PROBLEM DESCRIPTION: Go through the following data and transcribe exactly the stretch of lines from the one holding "商品名称:忆生活家纺 2025秋冬新品软糯缇肤绒印花贝壳边四件套 卡拉-灰" to the one holding "Affascinante puzzle per", both included.

RECORDS SHOWN:
◆ ◆ ◆ ◆

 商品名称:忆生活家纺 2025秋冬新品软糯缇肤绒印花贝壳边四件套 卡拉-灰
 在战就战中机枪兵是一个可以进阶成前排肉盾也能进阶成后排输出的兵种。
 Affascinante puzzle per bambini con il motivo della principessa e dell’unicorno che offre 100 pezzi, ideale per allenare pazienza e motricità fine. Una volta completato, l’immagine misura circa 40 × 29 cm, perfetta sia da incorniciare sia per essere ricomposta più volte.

◆ ◆ ◆ ◆

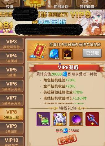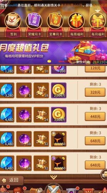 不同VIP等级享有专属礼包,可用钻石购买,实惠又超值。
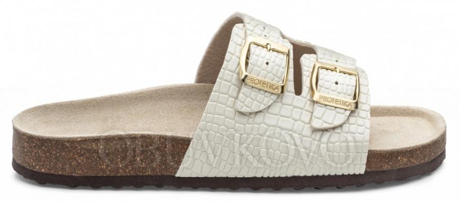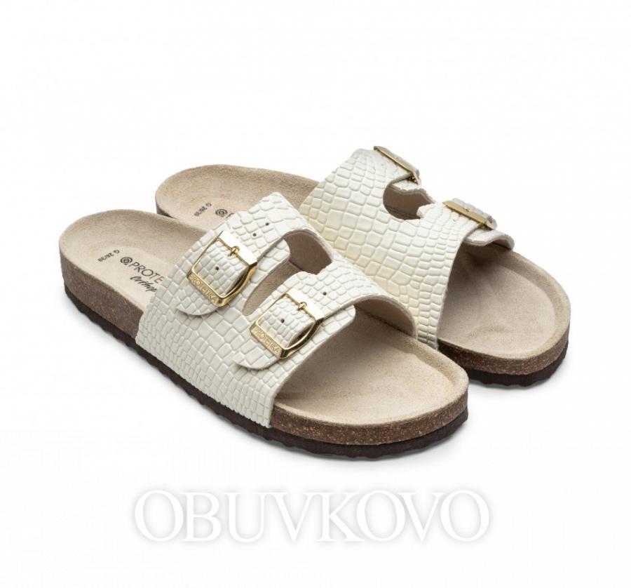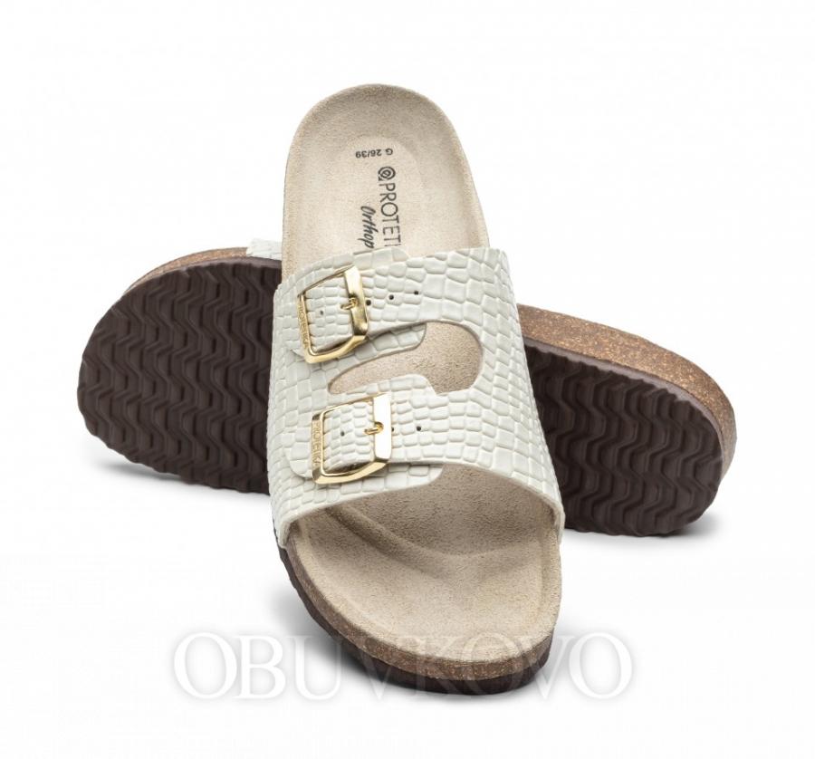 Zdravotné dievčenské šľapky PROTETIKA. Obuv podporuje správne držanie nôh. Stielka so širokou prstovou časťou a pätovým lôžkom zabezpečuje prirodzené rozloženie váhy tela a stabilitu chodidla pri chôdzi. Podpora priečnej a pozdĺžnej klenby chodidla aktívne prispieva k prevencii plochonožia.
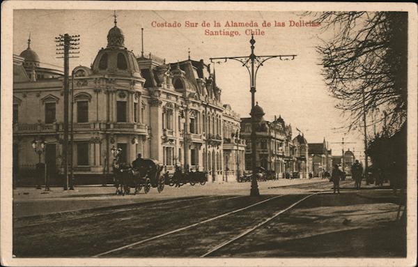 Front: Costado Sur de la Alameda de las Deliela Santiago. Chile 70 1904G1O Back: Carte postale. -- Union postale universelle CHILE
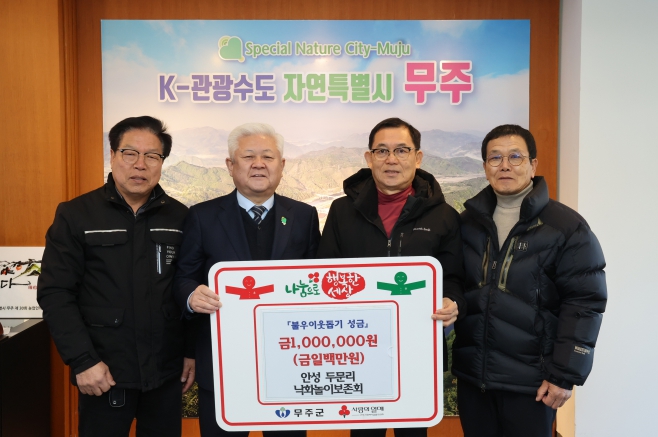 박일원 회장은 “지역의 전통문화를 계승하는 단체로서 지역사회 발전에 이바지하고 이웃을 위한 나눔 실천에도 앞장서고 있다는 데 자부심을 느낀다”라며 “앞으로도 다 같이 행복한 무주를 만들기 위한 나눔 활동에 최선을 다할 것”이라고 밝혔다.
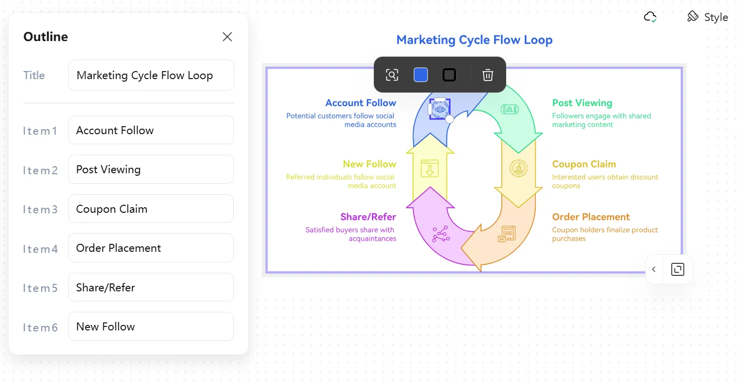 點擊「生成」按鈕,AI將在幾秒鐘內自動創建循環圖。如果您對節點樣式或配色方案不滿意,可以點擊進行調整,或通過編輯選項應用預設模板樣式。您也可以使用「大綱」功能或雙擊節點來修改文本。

◆ ◆ ◆ ◆

YOUR RESPONSE:
 商品名称:忆生活家纺 2025秋冬新品软糯缇肤绒印花贝壳边四件套 卡拉-灰
 在战就战中机枪兵是一个可以进阶成前排肉盾也能进阶成后排输出的兵种。
 Affascinante puzzle per bambini con il motivo della principessa e dell’unicorno che offre 100 pezzi, ideale per allenare pazienza e motricità fine. Una volta completato, l’immagine misura circa 40 × 29 cm, perfetta sia da incorniciare sia per essere ricomposta più volte.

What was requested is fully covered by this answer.